§ About this task:
Each line from the top of the listing through the one holding "De nieuwbouw is" should be restated word for word, with nothing added and no pictures.

§ Information provided:
=======
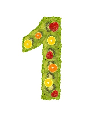 Con las frutas se puede diseñar: El número 1 con kiwis, fresas y naranjas.
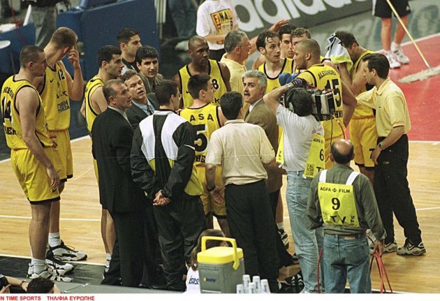 *Στη βασική φωτό, ο Κώστας Καπούρος, πρώτος από δεξιά, σε τάιμ άουτ του ημιτελικού της ενιαίας Ευρωλίγκας του 1998, ΑΕΚ-Μπενετόν.
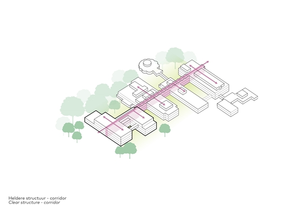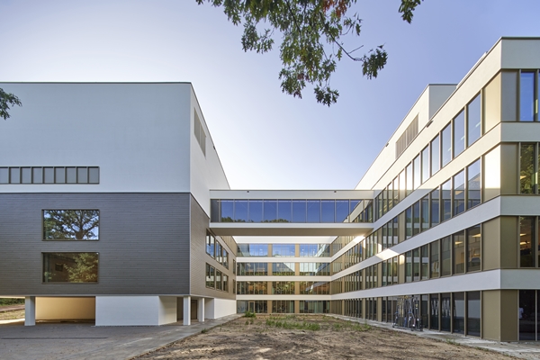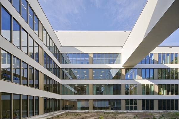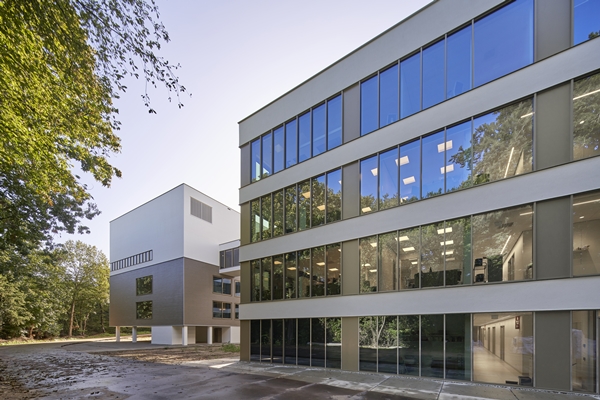 De nieuwbouw is verrezen aan het einde van de bestaande centrale as, in plaats van twee bouwdelen die zijn gesloopt. De uitbreiding zet de dubbele kamstructuur op vanzelfsprekende wijze voort met drie zijvleugels aan de verlengde hoofdas. De rechthoekige volumes zijn elk vier verdiepingen hoog.
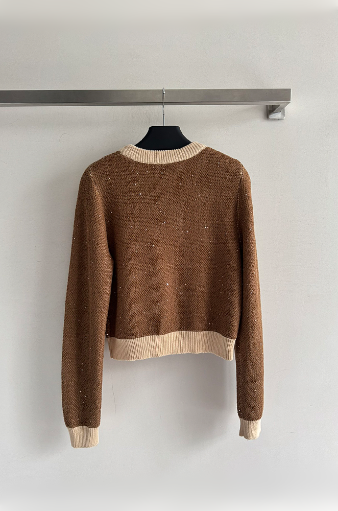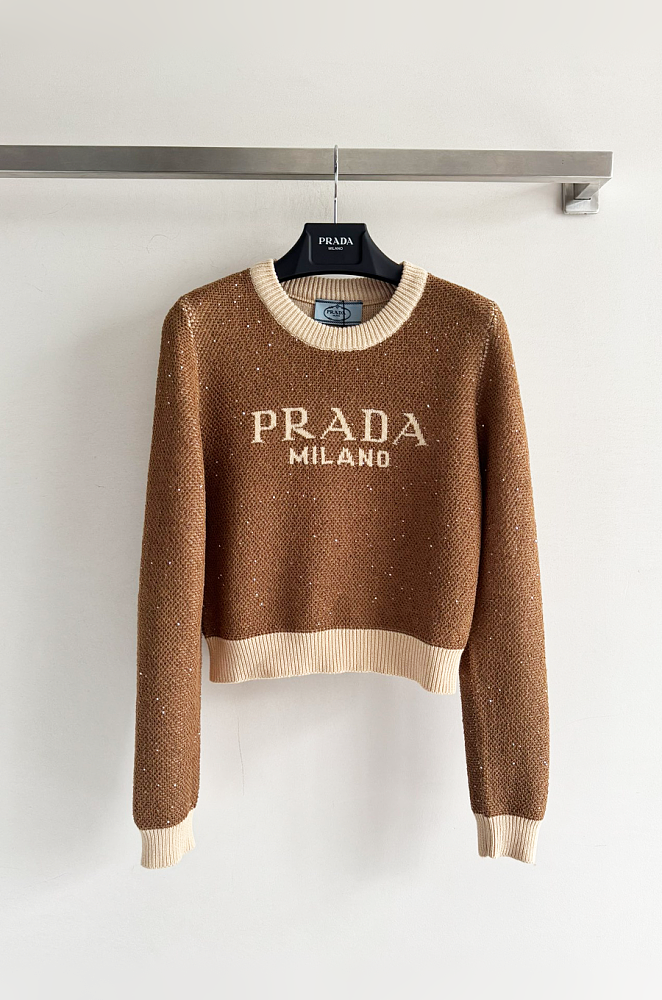 The Prada Milano Crystal Knit Logo Sweater radiates understated luxury with a feminine, modern touch. Woven in a soft textured knit and subtly infused with glimmering crystal accents, this cropped silhouette reimagines casual elegance through the lens of Prada’s signature refinement. Featuring contrast ribbed trim at the neckline, cuffs, and hem, and finished with the Prada Milano logo embroidery across the chest — it’s both polished and playfully effortless. Pair it with tailored trousers, pleated skirts, or denim for a chic off-duty statement.
=======
§ Response box:
 Con las frutas se puede diseñar: El número 1 con kiwis, fresas y naranjas.
 *Στη βασική φωτό, ο Κώστας Καπούρος, πρώτος από δεξιά, σε τάιμ άουτ του ημιτελικού της ενιαίας Ευρωλίγκας του 1998, ΑΕΚ-Μπενετόν.
 De nieuwbouw is verrezen aan het einde van de bestaande centrale as, in plaats van twee bouwdelen die zijn gesloopt. De uitbreiding zet de dubbele kamstructuur op vanzelfsprekende wijze voort met drie zijvleugels aan de verlengde hoofdas. De rechthoekige volumes zijn elk vier verdiepingen hoog.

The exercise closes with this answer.